By default Linux has a somewhat brain-damaged concept of memory management: it lets you allocate more memory than your system has, then randomly terminates a process when it gets in trouble. (The actual semantics of what gets killed are more complex than that - Google "Linux OOM Killer" for lots of details and arguments about whether it's a good or bad thing).

To restore some semblance of sanity to your memory management:

  1. Disable the OOM Killer (Put vm.oom-kill = 0 in /etc/sysctl.conf)
  2. Disable memory overcommit (Put vm.overcommit_memory = 2 in /etc/sysctl.conf)
    Note that this is a trinary value: 0 = "estimate if we have enough RAM", 1 = "Always say yes", 2 = "say no if we don't have the memory")
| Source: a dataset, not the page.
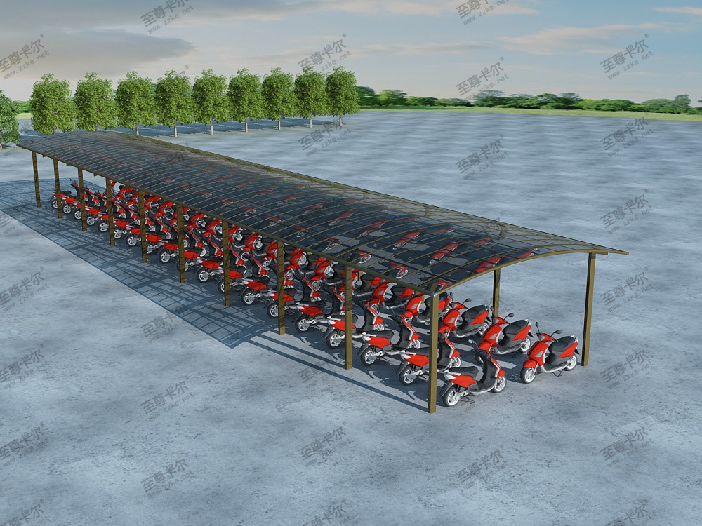 至尊卡爾的自行車車棚采用高強(qiáng)度的6063-T5鋁合金,鋁合金材質(zhì)不生銹,堅(jiān)固安全,使用壽命長。頂棚采用全新料的耐力板,抗沖擊性能強(qiáng)、強(qiáng)度是鋼化玻璃和亞克力板數(shù)倍,如下自行車車棚效果圖。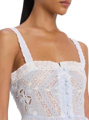 من LoveShackFancy، صُنعت بلوزة Pruitt من قماش قطني خفيف الوزن مع ألواح من الدانتيل وتطريز الأزهار في جميع الأنحاء.فتحة رقبة مربعة بدون أكمام إغلاق أمامي بحلقة وزر قطن غسيل يدوي أو تنظيف جاف مستوردة

These settings will make Linux behave in the traditional way (if a process requests more memory than is available malloc() will fail and the process requesting the memory is expected to cope with that failure).

Reboot your machine to make it reload /etc/sysctl.conf, or use the proc file system to enable right away, without reboot:

echo 2 > /proc/sys/vm/overcommit_memory 

You can disable overcommit, see http://www.mjmwired.net/kernel/Documentation/sysctl/vm.txt#514

The short answer, for a server, is buy and install more RAM.

A server that routinely enough experienced OOM (Out-Of-Memory) errors, then besides the VM (virtual memory) manager's overcommit sysctl option in Linux kernels, this is not a good thing.

Upping the amount of swap (virtual memory that has been paged out to disk by the kernel's memory manager) will help if the current values are low, and the usage involves many tasks each such large amounts of memory, rather than a one or a few processes each requesting a huge amount of the total virtual memory available (RAM + swap).

For many applications allocating more than two time (2x) the amount of RAM as swap provides diminishing return on improvement. In some large computational simulations, this may be acceptable if the speed slow-down is bearable.

With RAM (ECC or not) be quite affordable for modest quantities, e.g. 4-16 GB, I have to admit, I haven't experienced this problem myself in a long time.

The basics at looking at the memory consumption including using free and top, sorted by memory usage, as the two most common quick evaluations of memory usage patterns. So be sure you understand the meaning of each field in the output of those commands at the very least.

With no specifics of applications (e.g. database, network service server, real-time video processing) and the server's usage (few power users, 100-1000s of user/client connections), I cannot think of any general recommendations in regards to dealing with the OOM problem.

You can use ulimit to reduce the amount of memory a process is allowed to claim before it's killed. It's very usefull if your problem is one or a few run away processes that crashes your server.

If your problem is that you simply don't have enough memory to run the services you need there are only three solutions:

  1. Reduce the memory used by your services by limiting caches and similar

  2. Create a larger swap area. It will cost you in performance, but can buy you some time.

  3. Buy more memory